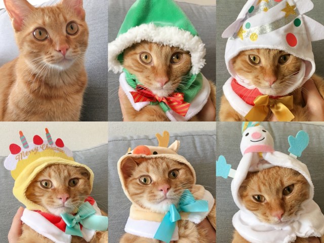 5種類かぶせてみた結果、茶白のつーちゃんに1番似合うのはもちもち感が増す「サンタ」。
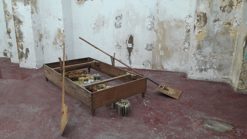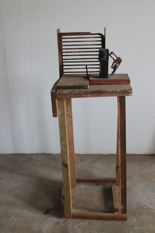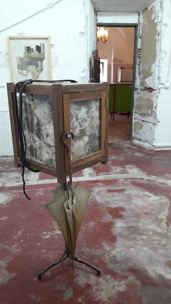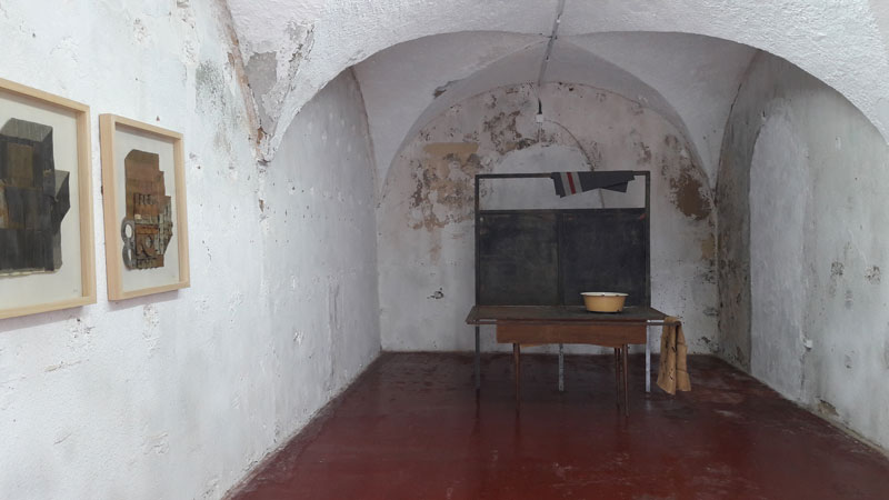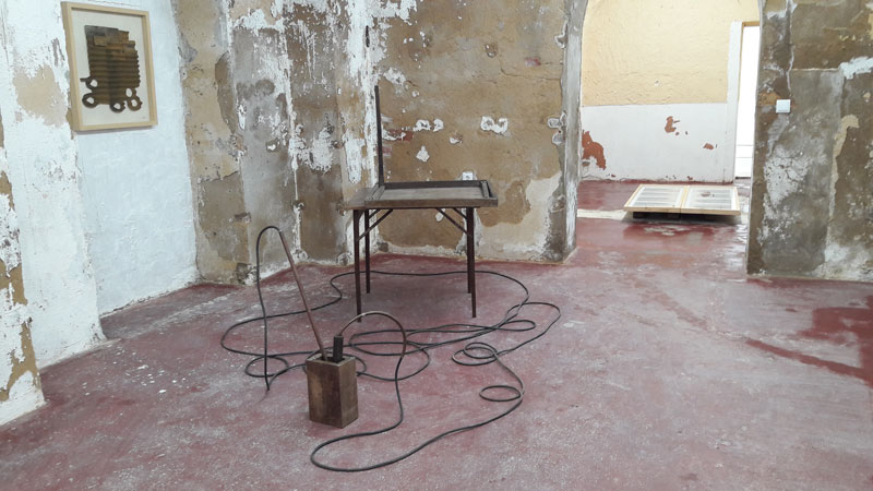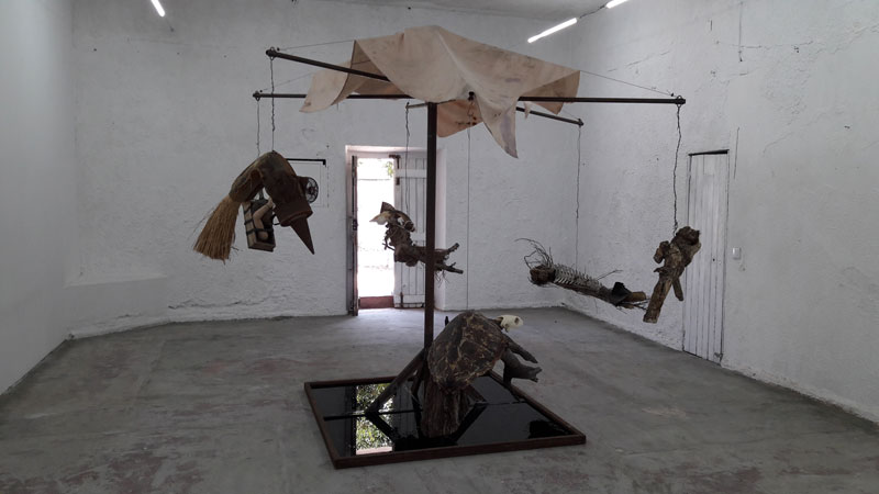 As restantes esculturas, construídas com matéria semelhante, contam-nos pequenas histórias: a fuga dos pais pelas estradas francesas, com o carro a abarrotar de objetos pessoais que não se queria abandonar durante a II Guerra. Linha de demarcação une o quotidiano, uma mesa, ao inusitado e demarca um espaço, o limite, ou a fronteira buscada não só pelos seus pais, mas por muitas famílias que fugiam da ocupação alemã. Esta mistura de objetos banais – mesas, cadeiras e camas, com elementos estranhos como os filtros de ar dos carros, que se convertem em desenhos e objetos escultóricos, ou os pelos da crina dos cavalos, retirados a cada escovagem, ou ainda os ossos de animais encontrados nas suas caminhadas pelo campo, são transformados em suporte e material para as suas criações. O resultado final – entre o lúdico e o tenebroso, entre o belo e o sublime, são sempre objetos políticos que transfiguram as ideias da artista em formas mais ou menos reconhecíveis, mas nunca as mesmas- tudo é recodificado, transformado, recomposto. E nada existe em solidão: cada objeto relaciona-se com o seguinte. É uma exposição de esculturas, naquilo que a escultura tem de ser/pertencer a um campo ampliado, em que mesmo as fotografias não são apresentadas como tal, mas servem como elo de ligação entre o demasiado humano e o etéreo – são superfícies onde a luz atua e deixa marca. Porque há uma esperança em meio ao tom mais lúgubre que o tema, e as peças, possam emular. Há esperança porque há luz, no fim ou no começo, como um facho que ilumina uma noite escura. Como um holofote acendido num estúdio vazio pelo cineasta Federico Fellini para provar a todos que, afinal, nos seus filmes, sempre houve luz – matéria-prima da fotografia e reveladora de imagens. Uma cama que se transforma em embarcação; restos de um portão de ferro que se convertem numa mesa de ping pong; um revólver desgastado que aciona uma bomba de gasolina… Nada é o que parece ser, ou melhor dizendo, tudo se transforma e assume uma nova dimensão. Porque esta exposição fala da humanidade e do seu movimento contínuo a fugir, muitas vezes, de si mesma. Como na fortaleza, de Dino Buzzati, o tempo e o espaço deixam de fazer sentido, porque funcionam numa outra dimensão. E A Fortaleza é a peça que está no princípio da fuga, ou fora dela, como quem espreita: através do desenho sobre fotografias, a artista insinua a montanha inacessível, sugerindo uma paisagem fantástica e simultaneamente sóbria, que representa, quiçá, o ponto de fuga que o soldado de Buzzati (ad)mirava. Um ponto na paisagem. Numa paisagem da qual não se consegue nunca fugir.
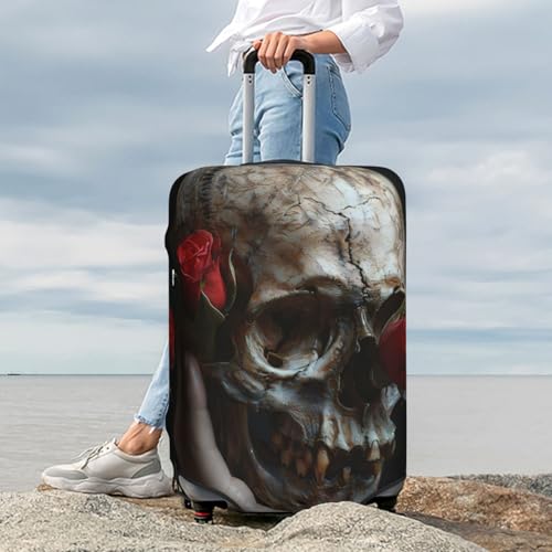 HOT ! Realistic Rose Skull For Travel Luggage Cover Suitcase Protector Fits 18-32 Inch Travel Luggage Protector Elastic Luggage Anti-Scratch Suitcase Cover
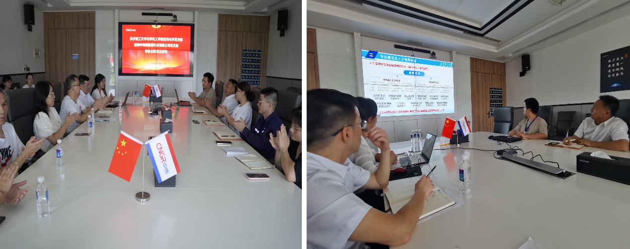 参观完后,应用化学党支部一行与湖南中伟新能源科技有限公司青年党支部在中伟研究院会议室就校企联合党建进行了座谈交流,中伟公司副总经理、工会主席兼低碳党支部书记黎波、青年支部书记黄娟及青年支部各支委、技术部门骨干邹炳民等共同出席了座谈会。双方就科教融合、人才培养、技术创新等议题展开了深入交流与探讨。喻林萍首先介绍了化学化工学院的发展历程、学科方向及应用化学专业的人才培养特色。双方围绕“科教融合,共促发展”的主题,开展了热烈讨论。应用化学专业的教师们介绍了自己的最新研究成果和技术应用情况,并了解了新能源企业对人才培养的需求;中伟公司青年支部的技术骨干则分享了企业在技术创新和产品研发方面的实践经验。双方还就如何加强产学研合作、促进科技成果转化等议题进行了探讨。黎波副总经理肯定了太阳成集团tyc122cc入口化学化工学院在科研与教学方面取得的成就,并表示中伟公司研究院愿意与化学化工学院建立长期稳定的合作关系,共同探索科教融合新模式,为公司产业创新与发展注入新的活力。会谈结束前,李家春还会见了在中伟公司就职的太阳成集团tyc122cc入口优秀校友代表邹炳民等。
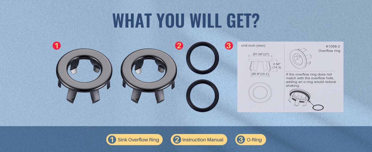 Size: These 2 sets of sink overflow covers are suitable for 0.8-1 inch Hole, if the overflow ring does not match with your hole, adding an o-ring would reduce shaking.

____

### THE TASK:
Exact copy, no pictures: reproduce every record above.

### SOLUTION TO THE EXERCISE:
 5種類かぶせてみた結果、茶白のつーちゃんに1番似合うのはもちもち感が増す「サンタ」。
 As restantes esculturas, construídas com matéria semelhante, contam-nos pequenas histórias: a fuga dos pais pelas estradas francesas, com o carro a abarrotar de objetos pessoais que não se queria abandonar durante a II Guerra. Linha de demarcação une o quotidiano, uma mesa, ao inusitado e demarca um espaço, o limite, ou a fronteira buscada não só pelos seus pais, mas por muitas famílias que fugiam da ocupação alemã. Esta mistura de objetos banais – mesas, cadeiras e camas, com elementos estranhos como os filtros de ar dos carros, que se convertem em desenhos e objetos escultóricos, ou os pelos da crina dos cavalos, retirados a cada escovagem, ou ainda os ossos de animais encontrados nas suas caminhadas pelo campo, são transformados em suporte e material para as suas criações. O resultado final – entre o lúdico e o tenebroso, entre o belo e o sublime, são sempre objetos políticos que transfiguram as ideias da artista em formas mais ou menos reconhecíveis, mas nunca as mesmas- tudo é recodificado, transformado, recomposto. E nada existe em solidão: cada objeto relaciona-se com o seguinte. É uma exposição de esculturas, naquilo que a escultura tem de ser/pertencer a um campo ampliado, em que mesmo as fotografias não são apresentadas como tal, mas servem como elo de ligação entre o demasiado humano e o etéreo – são superfícies onde a luz atua e deixa marca. Porque há uma esperança em meio ao tom mais lúgubre que o tema, e as peças, possam emular. Há esperança porque há luz, no fim ou no começo, como um facho que ilumina uma noite escura. Como um holofote acendido num estúdio vazio pelo cineasta Federico Fellini para provar a todos que, afinal, nos seus filmes, sempre houve luz – matéria-prima da fotografia e reveladora de imagens. Uma cama que se transforma em embarcação; restos de um portão de ferro que se convertem numa mesa de ping pong; um revólver desgastado que aciona uma bomba de gasolina… Nada é o que parece ser, ou melhor dizendo, tudo se transforma e assume uma nova dimensão. Porque esta exposição fala da humanidade e do seu movimento contínuo a fugir, muitas vezes, de si mesma. Como na fortaleza, de Dino Buzzati, o tempo e o espaço deixam de fazer sentido, porque funcionam numa outra dimensão. E A Fortaleza é a peça que está no princípio da fuga, ou fora dela, como quem espreita: através do desenho sobre fotografias, a artista insinua a montanha inacessível, sugerindo uma paisagem fantástica e simultaneamente sóbria, que representa, quiçá, o ponto de fuga que o soldado de Buzzati (ad)mirava. Um ponto na paisagem. Numa paisagem da qual não se consegue nunca fugir.
 HOT ! Realistic Rose Skull For Travel Luggage Cover Suitcase Protector Fits 18-32 Inch Travel Luggage Protector Elastic Luggage Anti-Scratch Suitcase Cover
 参观完后,应用化学党支部一行与湖南中伟新能源科技有限公司青年党支部在中伟研究院会议室就校企联合党建进行了座谈交流,中伟公司副总经理、工会主席兼低碳党支部书记黎波、青年支部书记黄娟及青年支部各支委、技术部门骨干邹炳民等共同出席了座谈会。双方就科教融合、人才培养、技术创新等议题展开了深入交流与探讨。喻林萍首先介绍了化学化工学院的发展历程、学科方向及应用化学专业的人才培养特色。双方围绕“科教融合,共促发展”的主题,开展了热烈讨论。应用化学专业的教师们介绍了自己的最新研究成果和技术应用情况,并了解了新能源企业对人才培养的需求;中伟公司青年支部的技术骨干则分享了企业在技术创新和产品研发方面的实践经验。双方还就如何加强产学研合作、促进科技成果转化等议题进行了探讨。黎波副总经理肯定了太阳成集团tyc122cc入口化学化工学院在科研与教学方面取得的成就,并表示中伟公司研究院愿意与化学化工学院建立长期稳定的合作关系,共同探索科教融合新模式,为公司产业创新与发展注入新的活力。会谈结束前,李家春还会见了在中伟公司就职的太阳成集团tyc122cc入口优秀校友代表邹炳民等。
 Size: These 2 sets of sink overflow covers are suitable for 0.8-1 inch Hole, if the overflow ring does not match with your hole, adding an o-ring would reduce shaking.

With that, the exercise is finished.